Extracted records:
===============
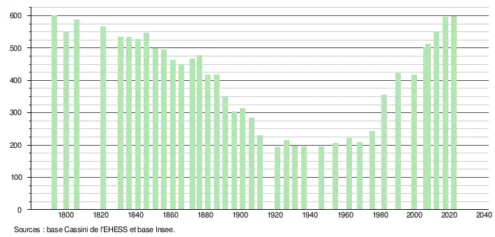 L'évolution du nombre d'habitants est connue à travers les recensements de la population effectués dans la commune depuis 1793. Pour les communes de moins de 10 000 habitants, une enquête de recensement portant sur toute la population est réalisée tous les cinq ans, les populations de référence des années intermédiaires étant quant à elles estimées par interpolation ou extrapolation[21]. Pour la commune, le premier recensement exhaustif entrant dans le cadre du nouveau dispositif a été réalisé en 2007[22].
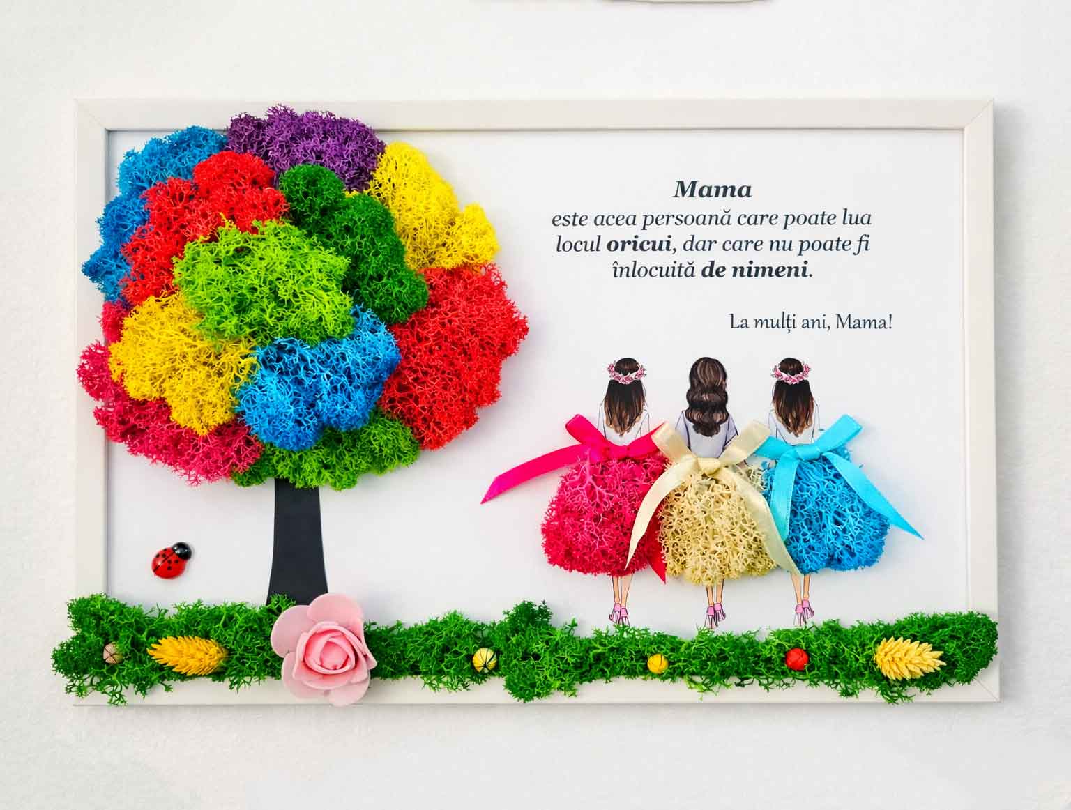 Un cadou pentru mama de ziua ei sau de 8 Martie, personalizat in functie de preferintele tale. Se poate realiza si cu o singura fiica sau cu mai multe. Mesajele si culorile rochitelor se pot modifica. Ne poti contacta pe Whatsapp pentru mai multe detalii.
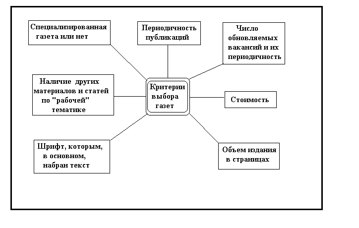 Допустим, что вы остановили свой выбор на специализированной газете (например, «Работа для вас»). Давайте опять сформулируем критерии отбора информации о потенциальной работе, но уже в рамках конкретной газеты (см. рис.1.4):
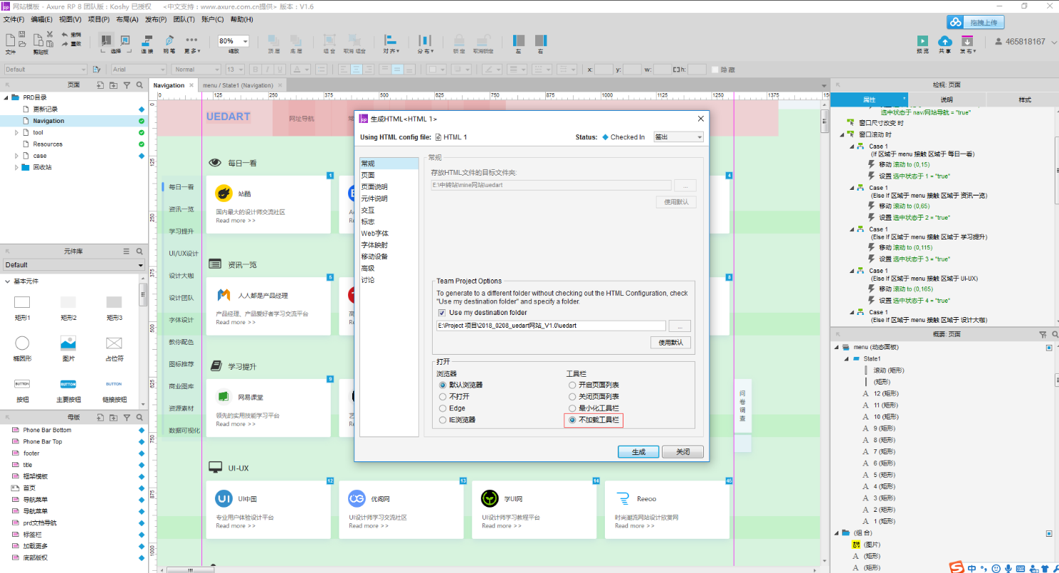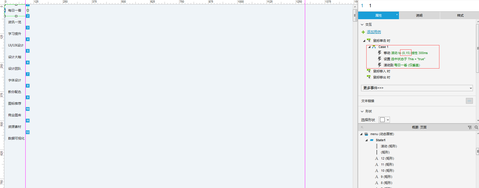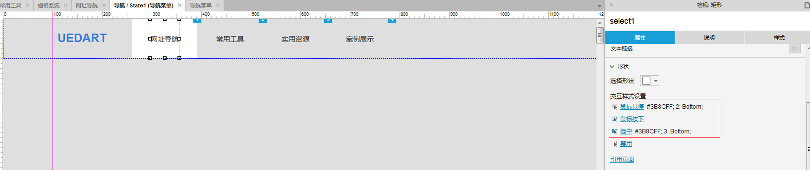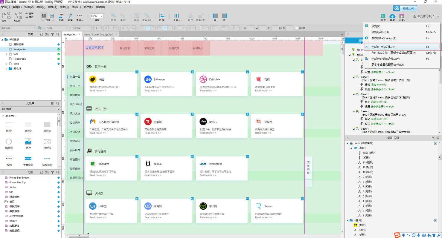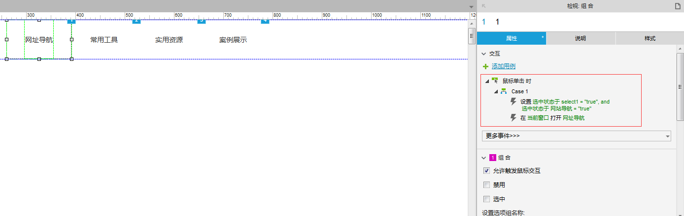 导航布局如下,采用了顶部导航的方式,设置了动态面板并将此转化成母版用于多个页面
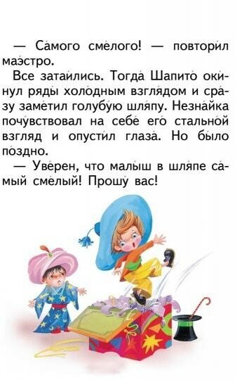 Мне кажется, картинок можно было бы побольше. Есть совершенно белые развороты. Но качество бумаги и печати отличное, очень плотные белоснежные листы, большой шрифт. Наличие ударение и отсутствие разделения на слоги - два больших "ЗА" то, чтобы дать именно эту книгу одной из первых для самостоятельного чтения маленькому любителю Незнайки.
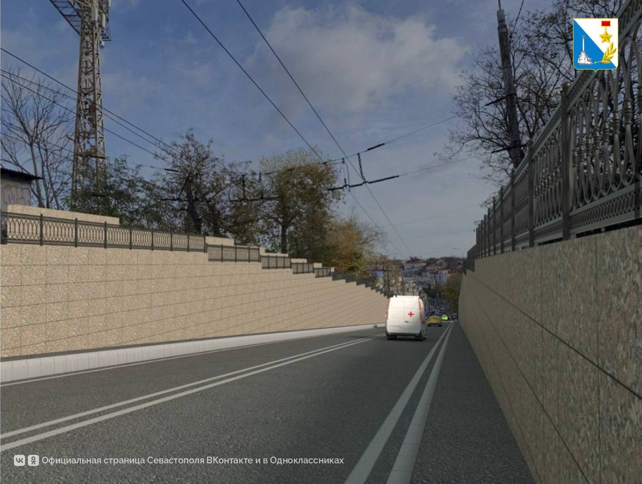 Специалисты одобрили вариант с чёрным кованым ограждением, серой вибропрессованной плиткой с гранитной крошкой и серой тактильной плиткой, сообщили в Правительстве Севастополя.
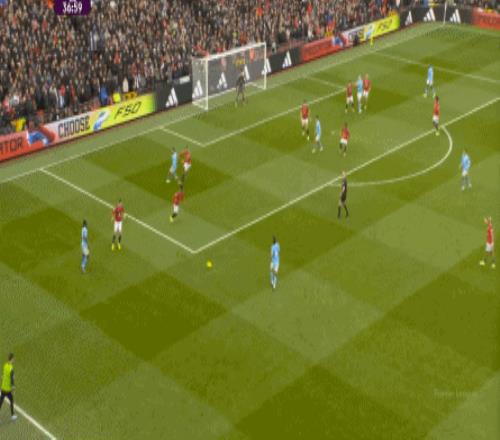 但是,曼城的后场拔升并不明显,所以在这次出球当中,姆贝乌莫的回撤接球依然轻松,阿克和罗德里都跟不上,这让曼联得以分到边路,完成了多尔古和阿玛德-迪亚洛的连线:
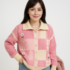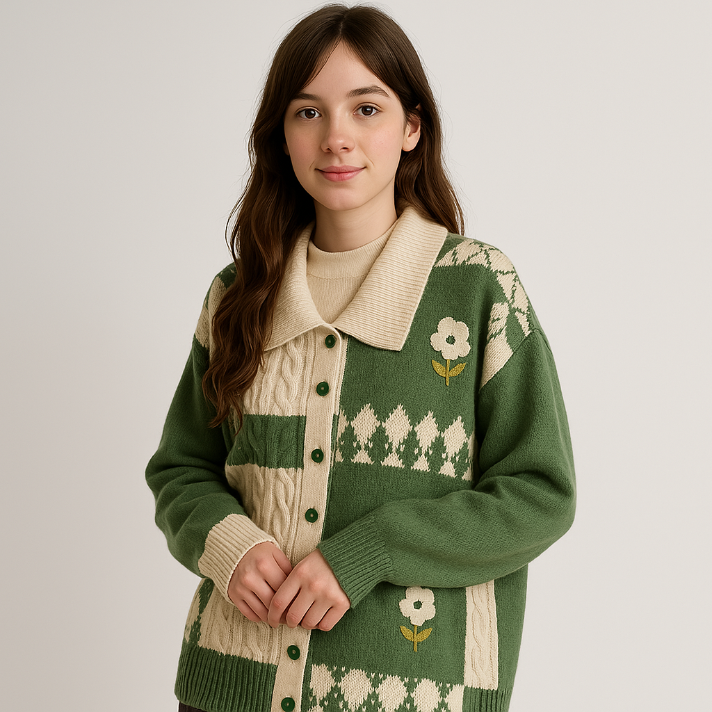 Questo cardigan patchwork unisce il fascino rétro al comfort moderno grazie ai suoi motivi floreali e geometrici.
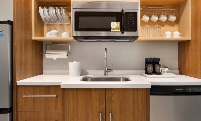 After a busy day, kick up your feet in the 1 King Bed Suite with Sofabed at Home2 Suites by Hilton Roanoke. This unique open floor plan includes three zones designed to maximize your stay. The kitchen area comes stocked with a refrigerator, microwave, dishwasher, and dinnerware. The quaint living area offers a sofabed with ottoman and a desk that rolls out into a dining table. A sliding partition allows for privacy in the sleeping sanctuary furnished with a King-sized bed covered with microfiber sheets. This accommodation is ideal for business or leisure travelers seeking a studio-style suite in Roanoke. Set right opposite the many shopping, eating and entertainment venues of Valley View Mall, Home2 Suites by Hilton Roanoke is ideal for extended stays and short breaks alike. With proximity to Roanoke-Blacksburg Regional Airport, this hotel also places you close to Mill Mountain Park’s hiking trails. Spread out in warm and casual suites with sofabeds, HDTV’s, complimentary WiFi and functional kitchenettes where you can assemble a quick meal at the end of the day. Enjoy the cozy comfort of a separate living room when you reserve the one-bedroom suite. Guests are treated to perks such as free parking and airport shuttles. Other on-site facilities include a terrace with barbecue facilities and fireplace, coin-operated laundry, fitness room, and an indoor saltwater pool.
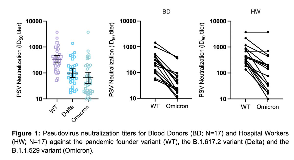 A second study also posted today, with Omicron pseudovirus neutralization data, from the Karolinska. This study had four notable findings:
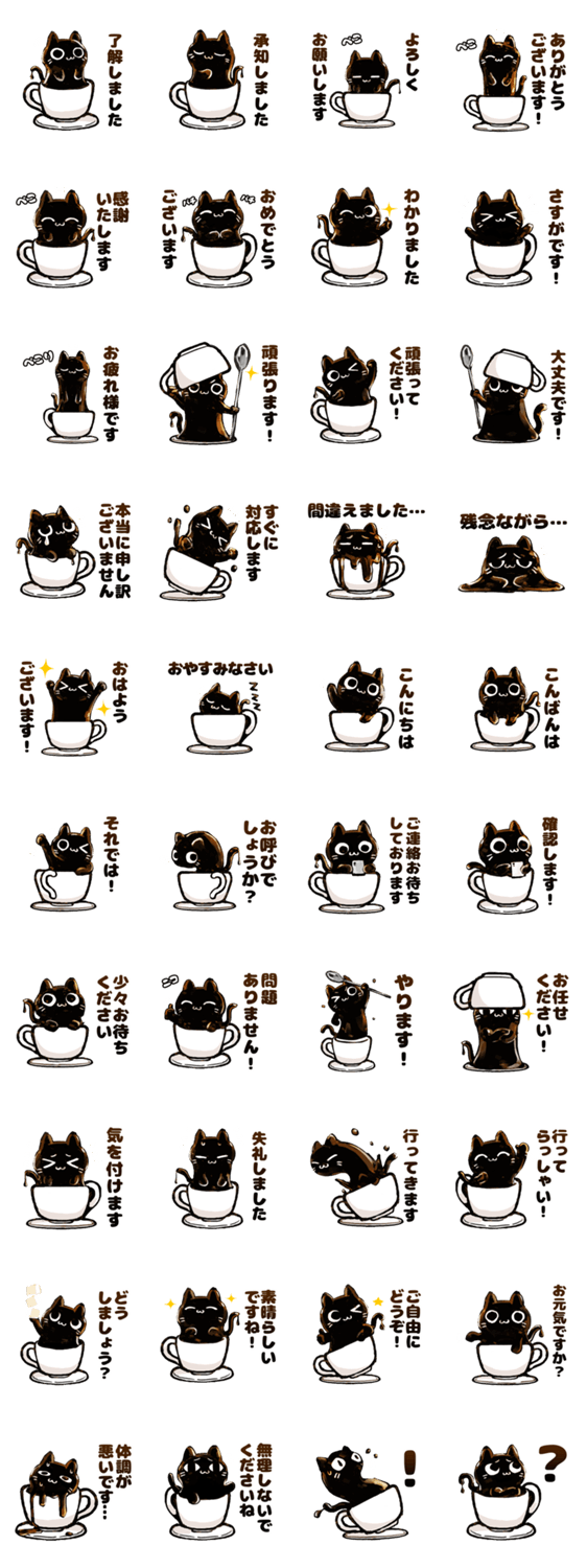 普段使いができる、猫のようなコーヒーのようなキャラクターの反応を送りやすいスタンプです。
===============
Copy the entries above exactly from the line with "A second study" down to their last line, both ends included. Do not copy any pictures.

 A second study also posted today, with Omicron pseudovirus neutralization data, from the Karolinska. This study had four notable findings:
 普段使いができる、猫のようなコーヒーのようなキャラクターの反応を送りやすいスタンプです。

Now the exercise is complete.